Gene fusions have emerged as crucial molecular drivers of oncogenesis in various cutaneous adnexal neoplasms, including NUTM1, YAP1, WWTR1 fusions in poroid neoplasms, and CRTC1::MAML2 fusions in hidradenomas and hidradenocarcinomas. We present the first-ever case of primary cutaneous adnexal carcinoma with RARA::NPEPPS fusion, a previously undescribed fusion in any human malignancies. The patient, a 77-year-old African American man, presented with a 5 cm ulcerated nodule on the left proximal thigh. Biopsy revealed adenocarcinoma predominantly involving the dermis, with focal epidermal involvement and occasional intraepidermal pagetoid spread.

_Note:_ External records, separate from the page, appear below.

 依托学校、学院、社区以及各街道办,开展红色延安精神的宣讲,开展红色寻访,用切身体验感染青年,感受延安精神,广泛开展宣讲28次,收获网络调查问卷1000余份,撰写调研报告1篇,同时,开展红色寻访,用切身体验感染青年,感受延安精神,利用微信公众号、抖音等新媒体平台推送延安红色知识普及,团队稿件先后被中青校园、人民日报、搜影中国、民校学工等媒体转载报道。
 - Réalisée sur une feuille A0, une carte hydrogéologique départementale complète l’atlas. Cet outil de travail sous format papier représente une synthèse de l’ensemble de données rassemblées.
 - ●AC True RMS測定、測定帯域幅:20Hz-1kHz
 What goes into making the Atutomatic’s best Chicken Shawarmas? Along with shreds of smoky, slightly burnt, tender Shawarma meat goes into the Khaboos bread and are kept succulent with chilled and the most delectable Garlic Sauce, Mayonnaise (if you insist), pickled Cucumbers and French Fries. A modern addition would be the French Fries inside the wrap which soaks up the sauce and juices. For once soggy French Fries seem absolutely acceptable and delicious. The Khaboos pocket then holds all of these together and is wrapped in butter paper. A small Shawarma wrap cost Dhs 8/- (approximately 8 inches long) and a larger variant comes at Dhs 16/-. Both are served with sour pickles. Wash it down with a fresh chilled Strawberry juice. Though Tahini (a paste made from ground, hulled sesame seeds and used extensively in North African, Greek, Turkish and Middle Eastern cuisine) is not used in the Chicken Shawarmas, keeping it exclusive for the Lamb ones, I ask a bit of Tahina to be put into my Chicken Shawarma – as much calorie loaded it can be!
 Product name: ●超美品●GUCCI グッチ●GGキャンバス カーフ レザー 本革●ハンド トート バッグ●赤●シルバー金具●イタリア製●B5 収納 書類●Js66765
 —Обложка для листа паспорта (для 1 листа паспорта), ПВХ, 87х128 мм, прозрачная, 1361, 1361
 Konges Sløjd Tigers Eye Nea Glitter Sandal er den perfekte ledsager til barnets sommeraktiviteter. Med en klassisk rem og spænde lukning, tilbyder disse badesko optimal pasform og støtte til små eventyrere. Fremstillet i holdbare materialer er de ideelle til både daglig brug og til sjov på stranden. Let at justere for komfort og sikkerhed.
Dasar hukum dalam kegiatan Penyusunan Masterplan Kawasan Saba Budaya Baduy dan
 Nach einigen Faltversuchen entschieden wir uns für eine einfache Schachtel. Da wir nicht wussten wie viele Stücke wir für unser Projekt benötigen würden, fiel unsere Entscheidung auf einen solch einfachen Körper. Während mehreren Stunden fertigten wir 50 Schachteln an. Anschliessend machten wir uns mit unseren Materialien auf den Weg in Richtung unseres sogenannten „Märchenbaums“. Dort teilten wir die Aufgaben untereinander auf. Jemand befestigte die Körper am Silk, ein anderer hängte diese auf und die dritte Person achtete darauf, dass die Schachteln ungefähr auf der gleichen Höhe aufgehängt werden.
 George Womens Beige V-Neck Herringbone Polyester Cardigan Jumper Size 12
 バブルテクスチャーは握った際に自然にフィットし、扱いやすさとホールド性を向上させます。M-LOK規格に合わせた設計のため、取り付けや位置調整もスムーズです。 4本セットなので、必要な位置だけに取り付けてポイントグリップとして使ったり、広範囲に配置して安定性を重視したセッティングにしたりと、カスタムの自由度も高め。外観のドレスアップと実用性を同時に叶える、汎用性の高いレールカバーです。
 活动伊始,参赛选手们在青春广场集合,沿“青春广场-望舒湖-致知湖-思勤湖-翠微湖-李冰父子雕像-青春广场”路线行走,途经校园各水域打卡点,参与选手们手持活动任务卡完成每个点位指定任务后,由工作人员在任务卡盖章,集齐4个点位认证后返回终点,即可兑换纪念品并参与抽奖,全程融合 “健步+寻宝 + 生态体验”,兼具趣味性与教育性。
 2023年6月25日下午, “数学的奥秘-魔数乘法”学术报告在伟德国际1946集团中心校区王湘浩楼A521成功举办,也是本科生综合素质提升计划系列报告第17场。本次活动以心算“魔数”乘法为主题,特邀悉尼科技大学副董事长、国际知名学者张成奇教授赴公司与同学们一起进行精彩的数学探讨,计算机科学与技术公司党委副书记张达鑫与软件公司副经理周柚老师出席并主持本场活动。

The neoplastic cells exhibited various growth patterns, including solid, papillary, micropapillary, and cribriform growth, along with central comedo-type necrosis, set in a desmoplastic and fibrotic stroma. Immunohistochemical analysis showed positive expression of CK7, CK19, GATA3, TRPS1, CK5/6 (patchy), calretinin (patchy), p63 (focal), and DPC4 (no loss). However, immunoreactivity for CK20, CDX2, TTF1, Napsin-A, PAX8, arginase-1, adipophilin, NKX3.1, uroplakin II, and D2-40 was absent. Next-generation sequencing revealed the presence of RARA::NPEPPS fusion, as well as amplifications of ERBB2 and SESN1, along with a high tumor mutational burden of 18 mut/Mb. The tumor was suspected to be of cutaneous origin given the presence of CK5/6, calretinin, and p63 immunoreactivities in the tumor cells. Further imaging studies did not reveal any internal malignancy, except for multiple lymphadenopathies. Subsequent lymph node biopsies from the left inguinal and supraclavicular lymph nodes confirmed metastases. This unique case represents an unclassifiable aggressive cutaneous adnexal carcinoma with a novel fusion, offering valuable insights into the molecular landscape of such neoplasms.